Unipi Neuron and Unipi 1.1 controllers are based on the Raspberry Pi computer that uses microSD memory cards as its memory storage. On Unipi e-shop, you can find three types of memory cards - pSLC, MLC and SLC. Each type offers different features and this article will tell you all the important info about their operation principle, mutual differences and biggest advantages.

How do memory cards work?

To describe the differences between the individual architectures, it is necessary to at least briefly explain the working principle of memory cards. Cards store data in memory blocks that consist of a network of memory cells. When data is written onto the card, an electric charge is stored in memory cells. This charge determines the cell’s logic state - 0 with the charge and 1 without it. In default state (a new card or erased memory block), all cells have logic state 1 and switch to state 0 during the data write. That means each memory block is erased during each rewrite.
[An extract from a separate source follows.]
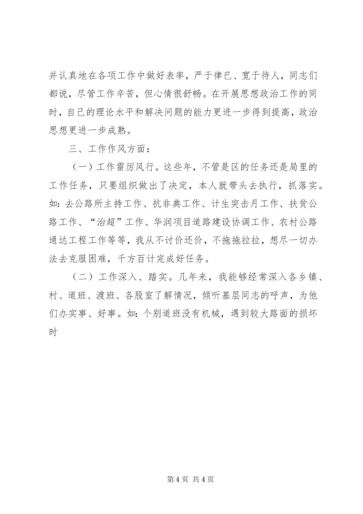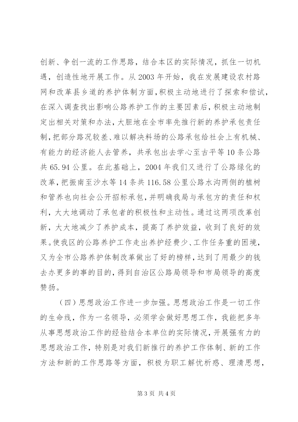 第PAGE\*Arabic\*MERGEFORMAT4页共NUMPAGES\*MERGEFORMAT4页交通局个人述职报告三年来,在区委、区政府的正确领导下,在市交通局的指导和有关领导的带领下,我作为交通局宣传、普法、综治、公路养护等工作的分管领导,能够发挥了自己的最大能力,出色地完成了上级下达的各项工作任务及领导临时交办的各项任务,并协助其他同志搞好工作,归纳起来,主要有以下几个方面。一、思想政治素质方面(一)政治理论和思想素质进一步提高。三年来,我比较注重政治理论学习,能认真地学习马列主义、毛泽东思想、邓小平理论和江总书记“三个代表”的重要思想,通过实践“三个代表”的重要活动和贯彻党的十六大报告精神以及解放思想再教育活动和今年上半年的保持共产党员先进性教育这样一系列从理论到实践、从实践到理论的活动过程,自己的理论水平有了一定的提高,思想上得到了一定的充实,党性修养也得到了全面的锻炼,政治敏锐性更进一步增强。可以说在政治理论学习,贯彻执行党的路线、方针、政策,树正气、抵歪风的意识,全心全意为人民服务的自觉性等方面都比过去有所增强。思想作风、工作作风、组织协调能力都有较大的提高。在思想上、政治上、行动上都与党中央保持了高度的一致,与区委、区政府保持高度的一致。(二)思想端正,组织纪律性进一步增强。作为一名副职领导,我能够摆正好自己的位置,不论是什么时候,在任何情况下,讲组织、讲纪律、讲原则。主动、自觉地维护好领导的威信,维护班子的团结,不拉帮结派,不搞小圈子,不搞两面派,办事光明磊落,做好参谋、助手的工作。2003年,组织安排我主持公路所工作,我坚决服从安排,并努力把公路所工作搞好。2004年,组织抽我到华润项目道路建设协调组,我都积极负责地开展各项协调工作,不怕威协,不怕辛苦,勤勤恳恳,任劳任怨,起到一名领导干部应有的作用。二、组织领导工作方面:(一)树立正确的政绩观。坚持求真务实,按照客观规律办事,讲真话、办实事、求实效;坚持“两个务必”,深入实际,深入群众,脚踏实地,艰苦奋斗;坚持科学发展观,顾全大局,统筹兼顾,立足当前,着眼长远。坚决反对弄虚作假,搞劳民伤财的“形象工程”、“政绩工程”。(二)大局意识更进一步增强。三年来,不管是作为公路所主要领导或是局分管领导,在本职范围内,每一项决策都能够做到局部利益和整体利益相兼顾,长远利益和暂时利益相照顾,党和广大人民群众的利益放在首位,做到大事讲原则,小事讲风格。(三)开拓创新的工作能力有了进一步的提高。作为分管公路所的主要领导,我在具体的工作中,深刻领会上级的指示精神,紧紧围绕我局解放思想、更新观念、求实务真,与时俱进、开拓创新、争创一流的工作思路,结合本区的实际情况,抓住一切机遇,创造性地开展工作。从2003年开始,我在发展建设农村路网和改革县乡道的养护体制方面,积极主动地进行了探索和偿试,在深入调查找出影响公路养护工作的主要因素后,积极主动地制定出相关对策和办法,大胆地在全市率先推行新的养护承包责任制,把部分路况较差、难以解决料场的公路承包给社会上有机械、有能力的经济能人去管养,共承包出去学心至古平等10条公路共65.94公里。在此基础上,2004年我们又进行了公路绿化的改革,把振南至沙水等14条共116.58公里公路水沟两侧的植树和管养也向社会公开招标承包,并明确我局与承包方的责任和权利,大大地调动了承包者的积极性和主动性。通过这两项改革创新,大大地减少了养护成本,提高了养护效益,收到了良好的效果。使我区的公路养护工作走出养护经费少、工作任务重的困境,又为全市公路养护体制改革做出了好的榜样,达到了用最少的钱去办更多的事的目的,得到自治区公路局领导和市局领导的高度赞扬。(四)思想政治工作进一步加强。思想政治工作是一切工作的生命线,作为一名领导,必须学会做好思想工作,我能把多年从事思想政治工作的经验结合本单位的实际情况,开展强有力的思想政治工作,特别是对我们新推行的养护工作体制、新的工作方法和新的工作思路等方面,积极为职工解忧析惑、理清思想,并认真地在各项工作中做好表率,严于律已、宽于待人,同志们都说,尽管工作辛苦,但心情很舒畅。在开展思想政治工作的同时,自己的理论水平和解决问题的能力更进一步得到提高,政治思想更进一步成熟。三、工作作风方面:(一)工作雷厉风行。这些年,不管是区的任务还是局里的工作任务,只要组织做出了决定,本人就带头去执行,抓落实。如:去公路所主持工作、抗非典工作、计生突击月工作、扶贫公路工作、“治超”工作、华润项目道路建设协调工作、农村公路通达工程工作等等,我从不讨价还价,不拖拖拉拉,想尽一切办法去克服困难,千方百计完成好任务。(二)工作深入、踏实。几年来,我能够经常深入各乡镇、村、道班、渡班、各股室了解情况,倾听基层同志的呼声,

pSLC memory card architecture can be described as a combination of MLC and SLC technologies (see below). From a technical point of view, the pSLC card is an MLC-type card whose memory cells emulate the SLC architecture by using only two outer logic states. That gives them up to five times the lifespan of MLC cards at the cost of reduced memory capacity while reducing the cost by up to 50% compared to SLC cards. On Unipi e-shop, the pSLC architecture is represented by the Swissbit S-46u card with 4GB capacity. 

4GB Swissbit S-46u pSLC memory card with an extended lifespan
-memory capacity: 4 GB
operating temperature: -25/+85°C
read performance: 46 MB/s
write performance: 41 MB/s
lifespan: up to 20 000 rewrites
an option to approximate the remaining lifespan
Display on e-shop


In MLC cards, each memory cell can have more logic states as it can contain two or more data bits. As a result, MLC cards can offer significantly higher memory capacity for a lower price. On the other hand, memory blocks are sensitive to memory cell wear, resulting in a lifespan of around 3000 rewrites. After the expiration of this lifespan, it is strongly recommended to replace the card with a new one. Among products offered by Unipi, the MLC architecture is represented by the Kingston SDC10G2 16GB card.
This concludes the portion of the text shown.